The documentary highlights similarities between North American settler-colonialism and how the farmers and land grabbers imagine themselves. “For those who live here, the Brazilian dream is to own some land, and make your living from it,” Sérgio says in the movie. “I’m 49 years old, and I’ve spent my whole life working other people’s land.”

In another scene, a member of Sérgio’s organization wears a beige baseball cap emblazoned with the words “TEXAS FARM.” Others wear cowboy hats. Sérgio wears a cap with an embroidered red-white-and-blue outline of Texas overlaid by a bull skull.

“They are laying bare the foundations of this settler-colonial project, in a way that in the US — and I think in Canada as well — becomes a bit abstracted,” said Pritz. “People [in North America] have semantic arguments about what is or isn’t settler-colonialism, [but] it’s the same thing. It’s just what [Sérgio and Martins] are doing is a more physical, obvious version of it.”

Cinematographer Tangãi Uru-eu-wau-wau

When the pandemic hit Brazil in March 2020, Bitaté swiftly sealed off the Uru-Eu-Wau-Wau’s territory from outside visitors, including Pritz’ crew and Bandeira. This response was informed by collective memory. The Uru-Eu-Wau-Wau’s first contact with the Brazilian government (and society generally) was only 41 years ago, after which more than half the population died from communicable diseases.

So community members took up the cameras themselves. “[Bitaté] took this idea of participatory filmmaking 10 steps further, and [we] relied on the community to produce, shoot, conceptualize, execute entire scenes of the film,” Pritz recalled.

Though the pandemic divided them physically, it generated a “much closer partnership” between the filmmakers and what became the community’s media team, Media Jupaú. This approach was particularly fruitful because of Bitaté’s media savvy. “Bitaté has his interest in the media prior to our film team arriving,” said Pritz. “It was one of the reasons that he was elected president of the Uru-Eu-Wau-Wau people.
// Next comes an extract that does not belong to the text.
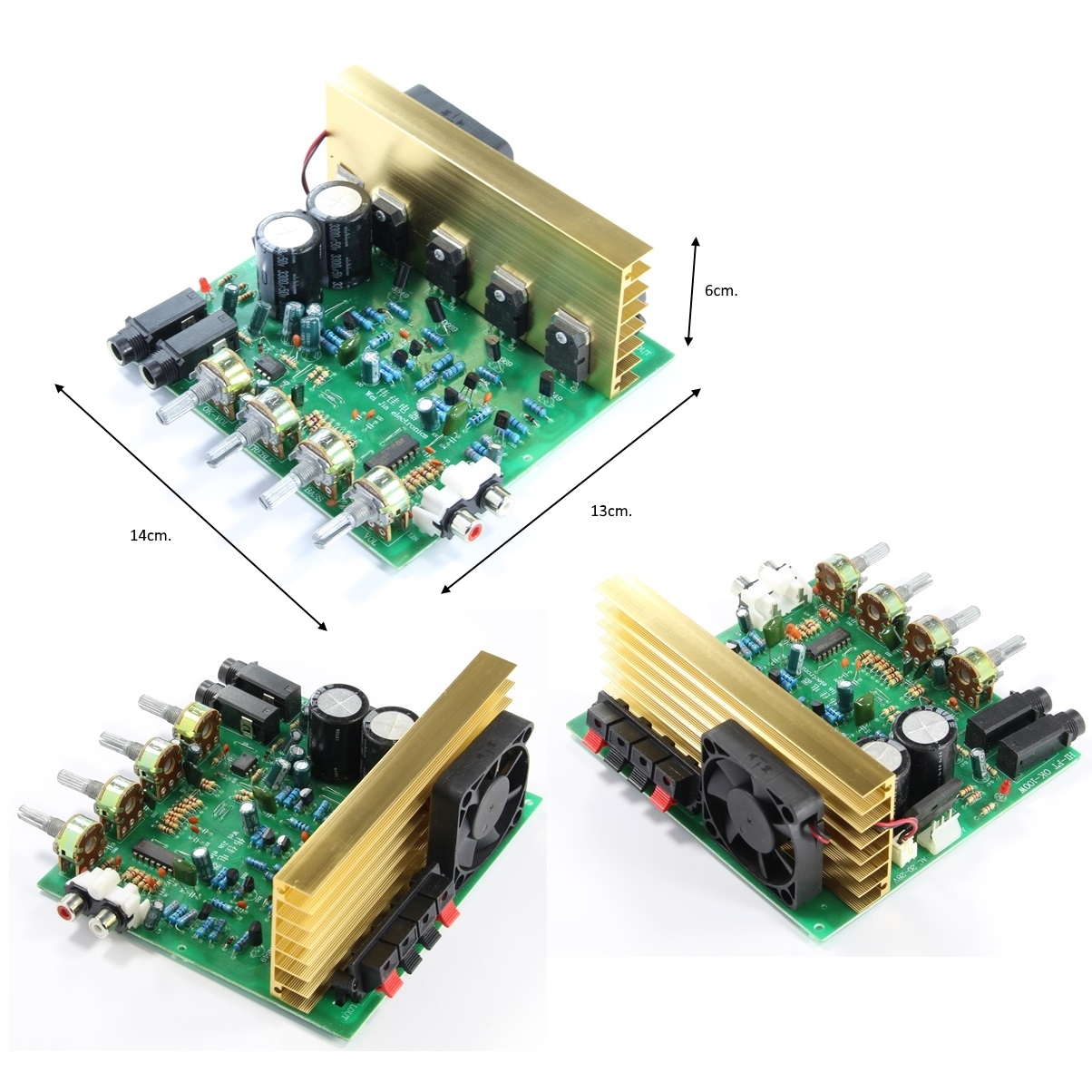 Четири крайни транзистора 2SD718/2SB688 с алуминиев радиатор и вентилатор.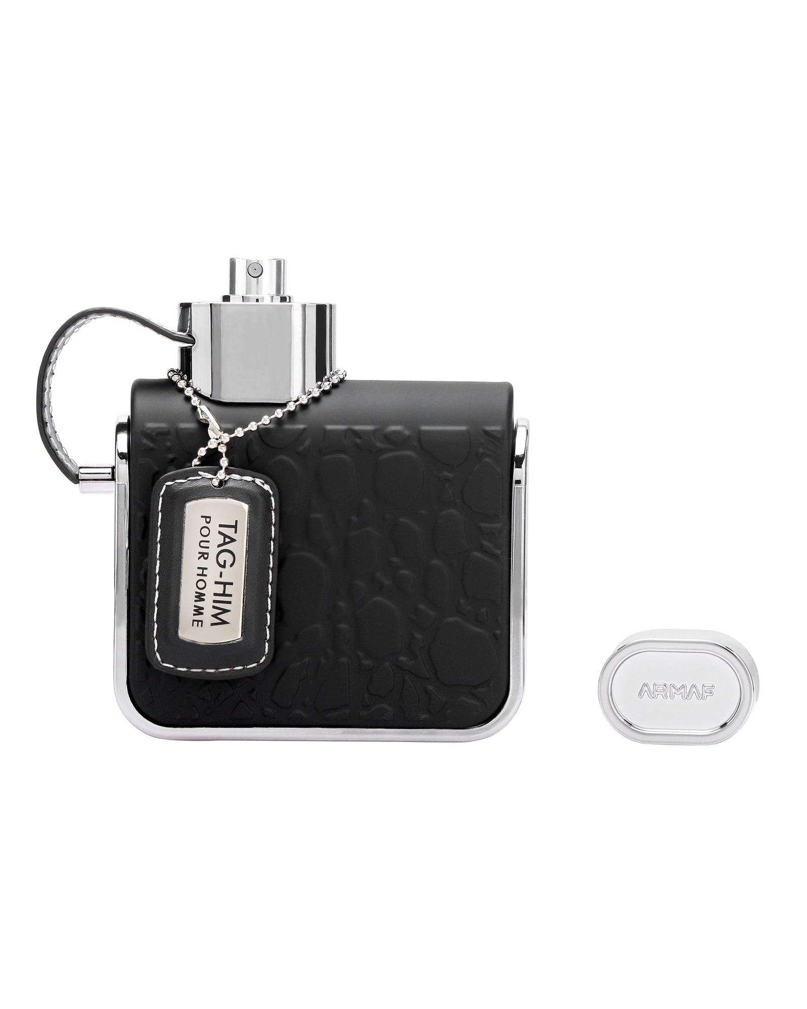 TAG-HIM POUR HOMME BY ARMAF TAG HIM POUR HOMME Confident, iconic and swashbuckling - an intense and energizing scent reveals masculine modernity. An aromatic woody fragrance with top notes of lemon, grapefruit and lavender mingled with spicy accents of pink pepper, ginger and warm woods of cedar and vetiver. The dry down is woody and ambery

He represented this young new hope that they could begin to translate their messages into new forms.”

After the Uru-Eu-Wau-Wau’s first contact with Brazilian society 41 years ago, more than half the population died from communicable diseases.

The role of evidence in upholding a group’s claims is central to the movie. “Bitaté picks up the camera, not because he wants technology for technology’s sake,” said Pritz, “[but] because it’s a tool to translate his community’s message — that they’ve been sounding for generations — into a form that these Western institutional structures will accept as evidence.”

“As leader of the Uru-Eu-Wau-Wau,” Bitaté says in the film, “my role is to bring connectivity to the villages. I’m connecting Indigenous land to the rest of the world, so that others can support us.”

But documents can also be tools of colonial violence. “By the same token, Sérgio is trying to create maps,” Pritz explained. “These land [grabbers] often will draw up a fake map, and then that fake map becomes real, once enough people agree on it.”

Since wrapping The Territory, Pritz and his team have continued to work with the Uru-Eu-Wau-Wau to build a multimedia and cultural centre they can use to make their own productions. “For me, a really exciting part of the film is that the story of the Uru-Eu-Wau-Wau media team doesn’t finish at the credits.” Pritz said. “It’s really the beginning for Bitaté and the rest of his colleagues to continue telling these stories themselves.”

Vancouver’s DOXA Documentary Film Festival runs from May 5–15, 2022. The Territory (84 min, Portuguese and Tupi-Kawahiva with English subtitles) screens in person on May 7 at 8:45 pm, at the VIFF Centre, and on May 15 at 12:45, pm at The Cinematheque. It can also be screened virtually from anywhere in Canada throughout the festival. Tickets to in-person and online screenings are available on the DOXA website.

Correction: This article originally described the documentary as being only in Portuguese. It also contains scenes in the Tupi-Kawahiva language.